- Opening Delimiter -

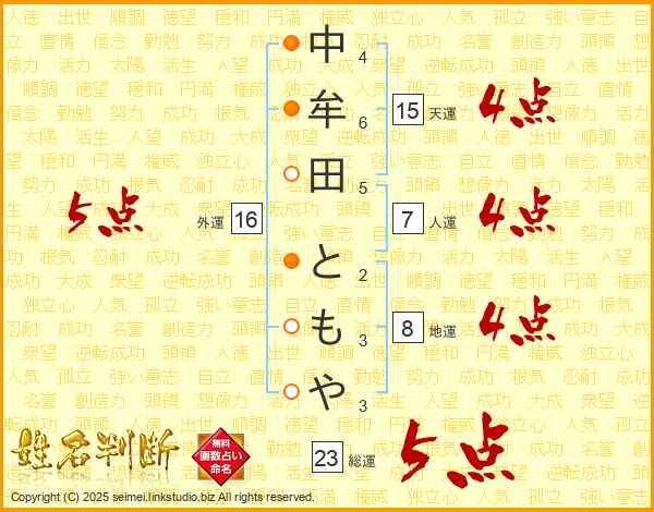 中(4画)牟(6画)田(5画) と(2画)も(3画)や(3画)
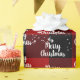 White Merry Christmas text in a snowflake pattern on black and red buffalo plaid background.
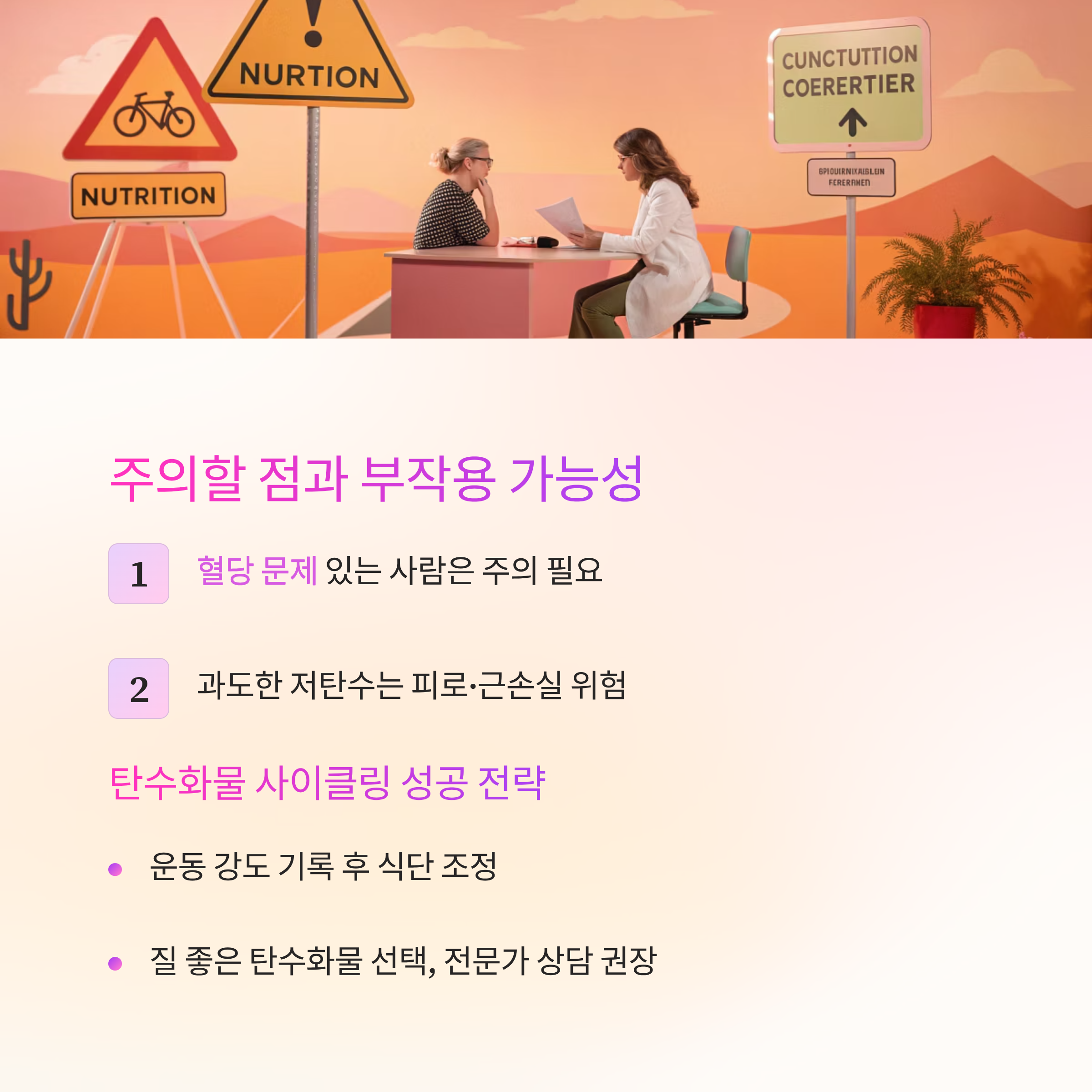 탄수화물 사이클링은 효과적이지만 모든 사람에게 맞는 것은 아닙니다. 당뇨병 환자나 혈당 조절에 문제가 있는 사람은 전문가 상담이 필요합니다. 또한 저탄수일이 과도하면 피로, 집중력 저하, 근손실 위험이 있을 수 있습니다. 따라서 자신의 체력과 목표에 맞게 조절해야 합니다.
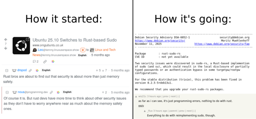 It’s always — memory safety this, error handling that… These are good reasons to pick a language for a new project, but, god damn, it’s a stupid reason for a stable program rewrite (let’s say the program is mostly in maintenance mode: no major new features are planned; correct me if that’s not the case for sudo).
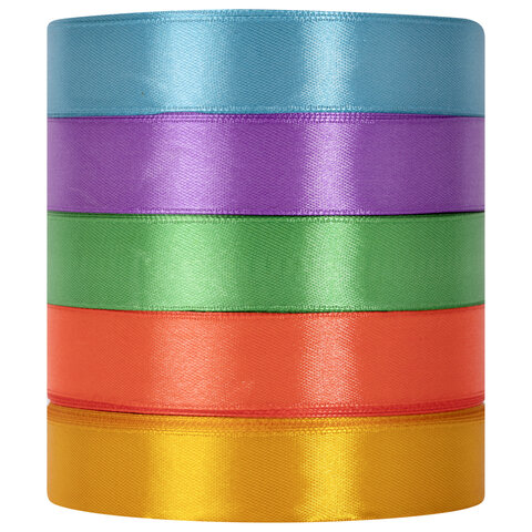 Лента атласная ширина 20 мм, набор 5 цветов по 23 м, BRAUBERG, 591504
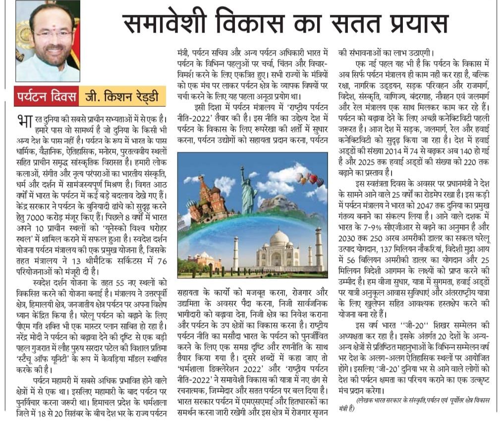 The 'National Tourism Policy' to be rolled out soon : Kishan
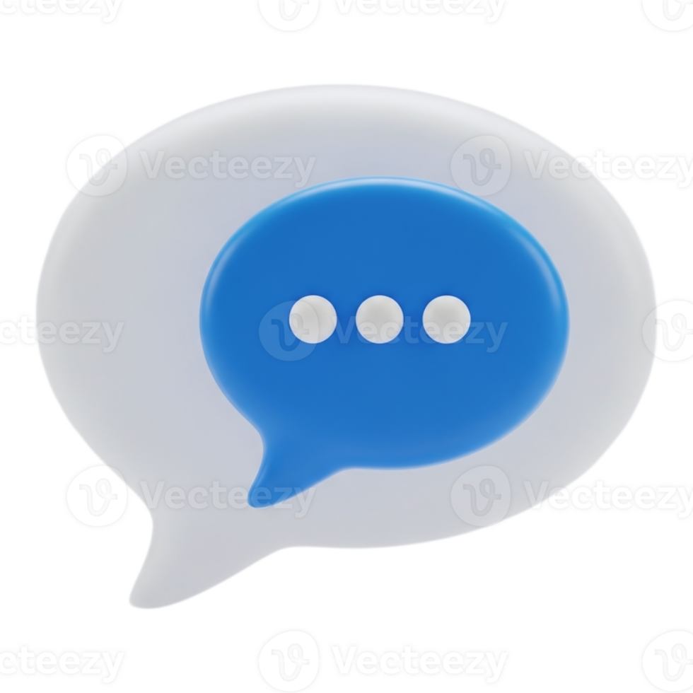 A 3d icon of a speech bubble with three dots inside, representing conversation isolated on transparent background Pro PNG
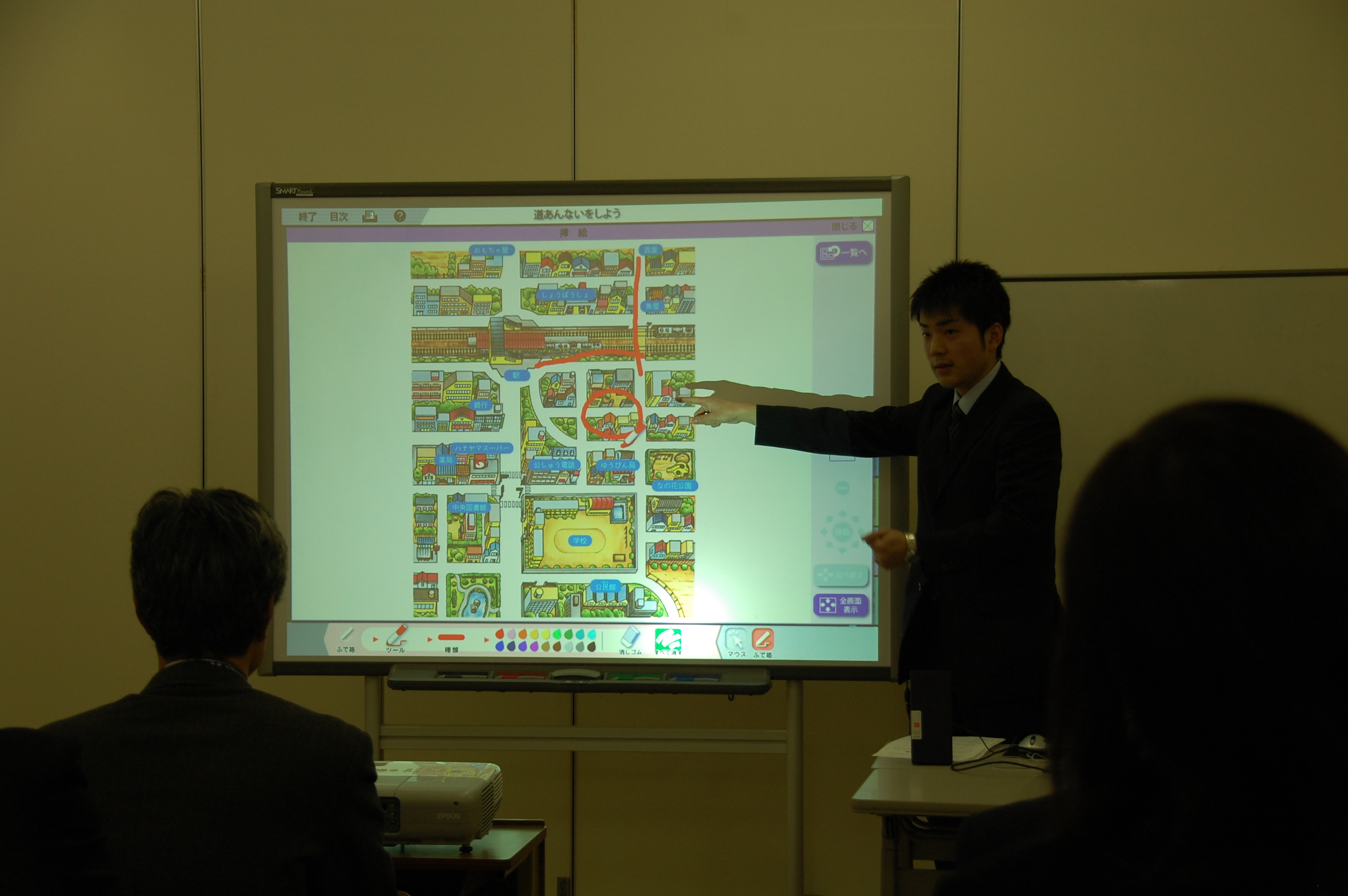 エプソン販売株式会社様の実物投影機を使った実践発表です。上教大の渡辺様から小学校5年生理科「もののとけかた」の導入をしてくださいました。簡単に接続することができ、実感を伴って習得する学習の手助けになる教材でした。
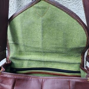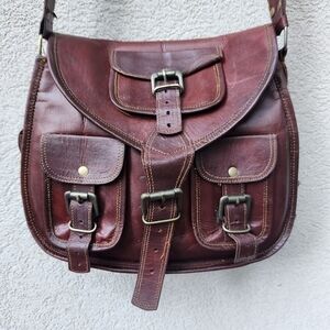Vintage Messenger Bag Leather Brown Medium Lined Satchel Pockets Shoulder Strap
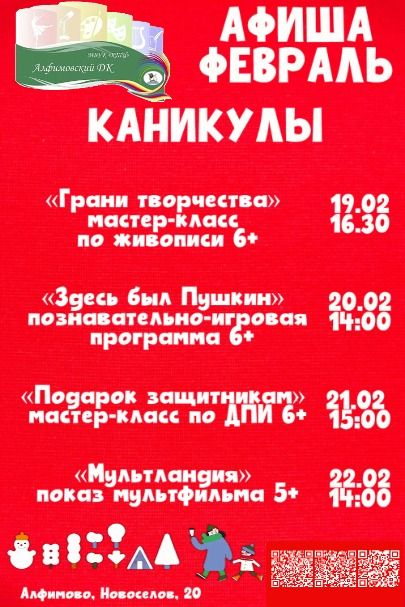 8 февраля сотрудники Алфимовского Дома культуры провели мастер- класс "Акварельная поляна" по живописи. Мастер-класса по изобразительному искусству, это не только творческое событие, но и возможность погрузиться в умиротворенную и гармоничную атмосферу искусства, где каждый может найти уникальный путь выражения себя через краски и формы.
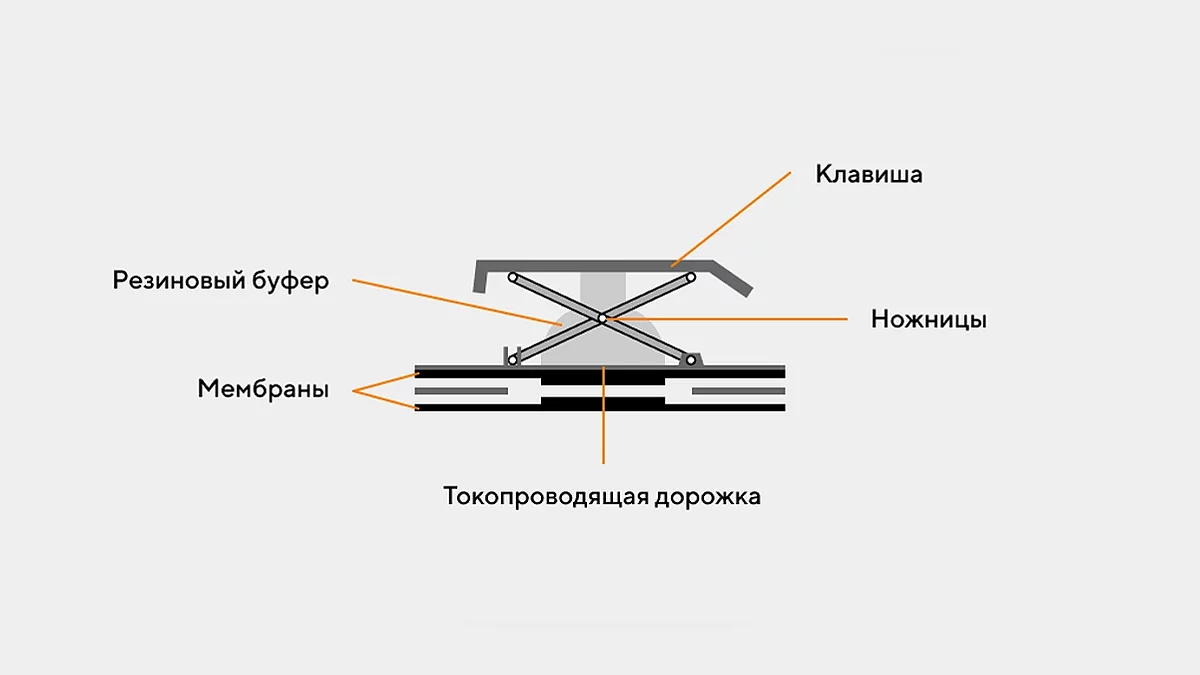 Ножничная клавиатура. Представляет собой ту же мембранную, дополнительно оснащённую рычажным механизмом, напоминающим ножницы. Концы ножниц закреплены в специальных пазах, обеспечивая тем самым равномерное прожимание клавиши по всей площади, независимо от точки давления на кейкап, что также положительно влияет на тактильность. В этом смысле действие ножниц схоже со стабилизаторами для больших клавиш: Enter, Shift и Space. Срок службы продлевается за счет того, что основное воздействие производится именно на ножки, а не на мембрану, которая часто подвергается износу. На указанных клавиатурах срок жизни одной клавиши достигает 10 миллионов нажатий, но и конструкцию немного удорожает. Применяется, очевидно, с кейкапами низкого профиля, что делает высоту клавиатуры заметно тоньше. Отчего встречается в основном в ноутбуках или клавиатурах Apple, но не только там. Несмотря на свою высокую цену, в клавиатурах Apple установлен всё тот же ножничный механизм под мембрану. Бессовестное завышение цены при очевидной экономии. Могли бы использовать механические переключатели Cherry ультранизкого профиля. За что только фанаты яблочников превозносят?
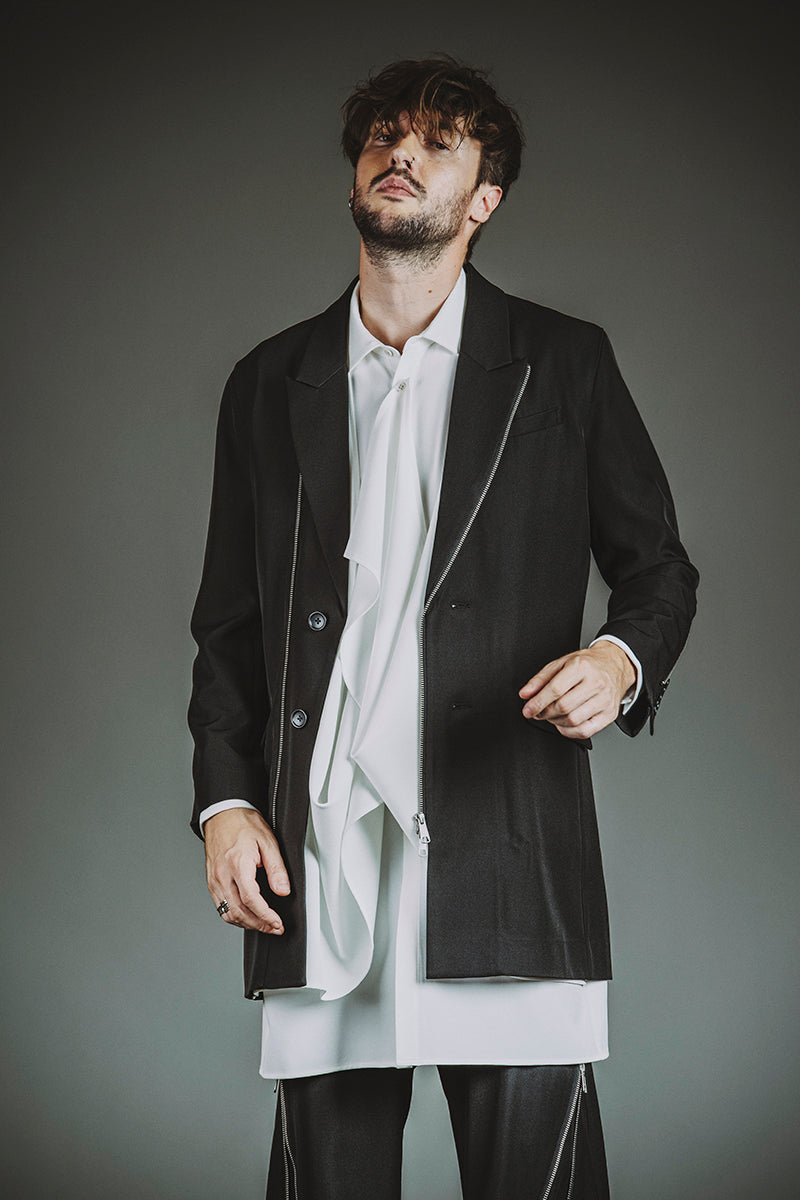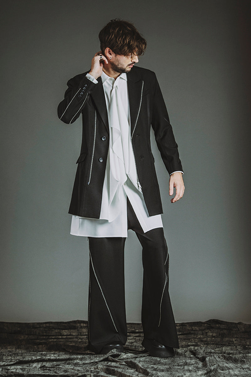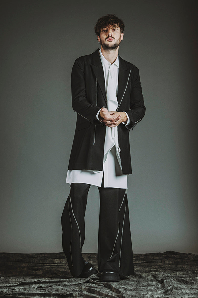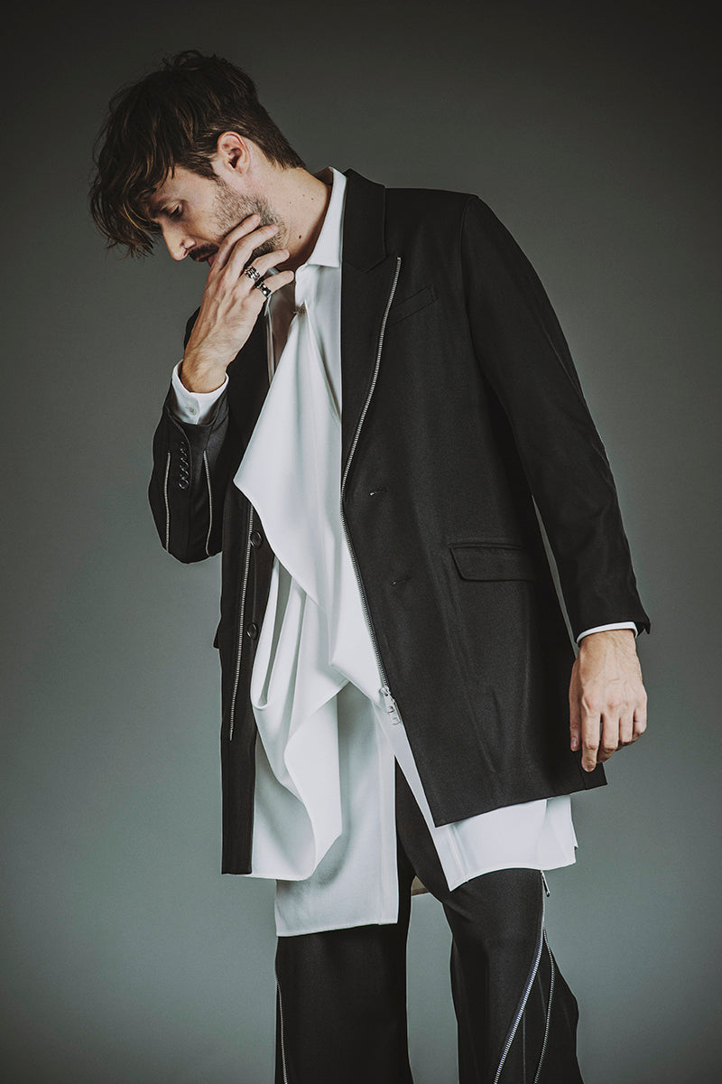 CATALOG 25AW vol6 STYLE08 チェンジングZIP-2BチェスターJKT ¥35,200 ドレープロングSH ¥19,800 チェンジングフレアトラウザーズ ¥22,000 クインテッドリング ¥6,380 ディストーションリング ¥6,380 カウレザープラットフォームレースアップブーツ ¥66,000 OTHER STYLE CATALOG ARCHVE CATALOG TOP 2025AWvol6 2025AWvol5 2025AWvol4 2025AWvol3 2025AWvol2 2025AWvol1

- Closing Delimiter -

→ Instructions to follow
Start at the line that contains "Ножничная клавиатура. Представляет" and retype every line through the end of the entries above, both ends included. Exclude all pictures.

→ Solution below
 Ножничная клавиатура. Представляет собой ту же мембранную, дополнительно оснащённую рычажным механизмом, напоминающим ножницы. Концы ножниц закреплены в специальных пазах, обеспечивая тем самым равномерное прожимание клавиши по всей площади, независимо от точки давления на кейкап, что также положительно влияет на тактильность. В этом смысле действие ножниц схоже со стабилизаторами для больших клавиш: Enter, Shift и Space. Срок службы продлевается за счет того, что основное воздействие производится именно на ножки, а не на мембрану, которая часто подвергается износу. На указанных клавиатурах срок жизни одной клавиши достигает 10 миллионов нажатий, но и конструкцию немного удорожает. Применяется, очевидно, с кейкапами низкого профиля, что делает высоту клавиатуры заметно тоньше. Отчего встречается в основном в ноутбуках или клавиатурах Apple, но не только там. Несмотря на свою высокую цену, в клавиатурах Apple установлен всё тот же ножничный механизм под мембрану. Бессовестное завышение цены при очевидной экономии. Могли бы использовать механические переключатели Cherry ультранизкого профиля. За что только фанаты яблочников превозносят?
 CATALOG 25AW vol6 STYLE08 チェンジングZIP-2BチェスターJKT ¥35,200 ドレープロングSH ¥19,800 チェンジングフレアトラウザーズ ¥22,000 クインテッドリング ¥6,380 ディストーションリング ¥6,380 カウレザープラットフォームレースアップブーツ ¥66,000 OTHER STYLE CATALOG ARCHVE CATALOG TOP 2025AWvol6 2025AWvol5 2025AWvol4 2025AWvol3 2025AWvol2 2025AWvol1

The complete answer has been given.